Only those lines in the data below from the line containing "エリゼ宮に到着した国王チャールズ3世。(パリ、2023年9月21日)" through the line containing "Decide between vinegar, citric", both included, should be restated word for word.

Listed records:
-=-=-=-=-

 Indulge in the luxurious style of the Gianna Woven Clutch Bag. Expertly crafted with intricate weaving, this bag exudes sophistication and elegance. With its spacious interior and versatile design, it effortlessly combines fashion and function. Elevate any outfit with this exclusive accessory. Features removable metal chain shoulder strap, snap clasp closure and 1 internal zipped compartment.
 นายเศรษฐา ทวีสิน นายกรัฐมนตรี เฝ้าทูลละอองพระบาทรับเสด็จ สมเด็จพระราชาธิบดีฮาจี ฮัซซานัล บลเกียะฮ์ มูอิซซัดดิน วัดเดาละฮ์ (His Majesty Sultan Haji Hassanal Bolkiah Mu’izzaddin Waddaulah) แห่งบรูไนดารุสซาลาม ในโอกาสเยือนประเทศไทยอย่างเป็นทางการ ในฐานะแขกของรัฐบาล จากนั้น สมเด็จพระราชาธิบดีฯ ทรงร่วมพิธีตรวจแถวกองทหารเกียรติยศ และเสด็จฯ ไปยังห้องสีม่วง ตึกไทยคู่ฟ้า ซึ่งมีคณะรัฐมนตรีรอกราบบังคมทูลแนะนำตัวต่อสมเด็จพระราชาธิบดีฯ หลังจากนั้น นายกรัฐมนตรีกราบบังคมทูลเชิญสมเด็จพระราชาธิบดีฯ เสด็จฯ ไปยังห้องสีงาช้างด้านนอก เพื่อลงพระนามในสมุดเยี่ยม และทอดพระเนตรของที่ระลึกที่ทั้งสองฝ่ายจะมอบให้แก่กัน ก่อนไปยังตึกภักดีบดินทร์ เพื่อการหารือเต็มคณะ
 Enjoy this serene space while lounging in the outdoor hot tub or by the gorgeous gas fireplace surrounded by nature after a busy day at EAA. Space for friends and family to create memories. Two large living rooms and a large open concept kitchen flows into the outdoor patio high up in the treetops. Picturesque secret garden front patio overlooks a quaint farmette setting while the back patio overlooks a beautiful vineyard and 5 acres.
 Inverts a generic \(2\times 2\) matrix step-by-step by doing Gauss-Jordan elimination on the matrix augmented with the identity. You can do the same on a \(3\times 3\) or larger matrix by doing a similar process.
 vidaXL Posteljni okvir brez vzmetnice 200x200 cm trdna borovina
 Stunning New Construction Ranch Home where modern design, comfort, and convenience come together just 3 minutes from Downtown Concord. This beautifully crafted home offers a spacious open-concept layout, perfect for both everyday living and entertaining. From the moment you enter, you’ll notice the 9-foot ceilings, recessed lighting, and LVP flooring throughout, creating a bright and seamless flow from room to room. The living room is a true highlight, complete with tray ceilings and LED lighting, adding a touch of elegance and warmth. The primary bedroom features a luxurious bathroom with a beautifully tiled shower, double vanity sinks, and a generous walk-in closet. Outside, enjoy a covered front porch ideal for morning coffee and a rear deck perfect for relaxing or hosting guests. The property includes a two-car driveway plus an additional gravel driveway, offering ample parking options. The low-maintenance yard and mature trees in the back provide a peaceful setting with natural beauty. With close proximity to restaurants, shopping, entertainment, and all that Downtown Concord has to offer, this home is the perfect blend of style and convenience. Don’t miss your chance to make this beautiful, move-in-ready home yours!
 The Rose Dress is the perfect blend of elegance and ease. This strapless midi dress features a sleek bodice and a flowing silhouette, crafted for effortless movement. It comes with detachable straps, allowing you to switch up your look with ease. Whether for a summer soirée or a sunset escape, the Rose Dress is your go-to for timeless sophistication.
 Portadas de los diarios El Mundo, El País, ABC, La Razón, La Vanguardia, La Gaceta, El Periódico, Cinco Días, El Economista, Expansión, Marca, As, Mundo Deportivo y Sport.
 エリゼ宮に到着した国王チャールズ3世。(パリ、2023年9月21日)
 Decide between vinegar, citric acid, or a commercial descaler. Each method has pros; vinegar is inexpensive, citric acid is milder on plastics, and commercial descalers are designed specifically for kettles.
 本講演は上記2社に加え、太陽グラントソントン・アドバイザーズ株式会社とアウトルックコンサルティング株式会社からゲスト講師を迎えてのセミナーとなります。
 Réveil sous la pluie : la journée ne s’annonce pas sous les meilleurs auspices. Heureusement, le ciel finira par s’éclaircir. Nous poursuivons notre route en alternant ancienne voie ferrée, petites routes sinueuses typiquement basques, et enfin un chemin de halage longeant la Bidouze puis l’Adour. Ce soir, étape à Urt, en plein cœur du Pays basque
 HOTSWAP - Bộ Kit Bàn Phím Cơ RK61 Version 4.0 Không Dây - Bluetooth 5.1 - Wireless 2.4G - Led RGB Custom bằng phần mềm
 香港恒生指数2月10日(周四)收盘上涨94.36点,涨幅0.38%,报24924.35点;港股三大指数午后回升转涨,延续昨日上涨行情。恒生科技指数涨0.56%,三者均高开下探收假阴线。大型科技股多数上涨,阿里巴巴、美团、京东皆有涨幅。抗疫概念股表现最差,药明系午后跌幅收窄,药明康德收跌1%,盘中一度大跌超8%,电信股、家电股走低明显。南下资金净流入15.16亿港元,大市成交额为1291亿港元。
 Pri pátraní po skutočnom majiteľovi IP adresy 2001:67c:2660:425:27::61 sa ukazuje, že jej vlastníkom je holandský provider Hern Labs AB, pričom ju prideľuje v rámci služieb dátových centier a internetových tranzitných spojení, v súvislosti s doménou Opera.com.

-=-=-=-=-

The answer:
 エリゼ宮に到着した国王チャールズ3世。(パリ、2023年9月21日)
 Decide between vinegar, citric acid, or a commercial descaler. Each method has pros; vinegar is inexpensive, citric acid is milder on plastics, and commercial descalers are designed specifically for kettles.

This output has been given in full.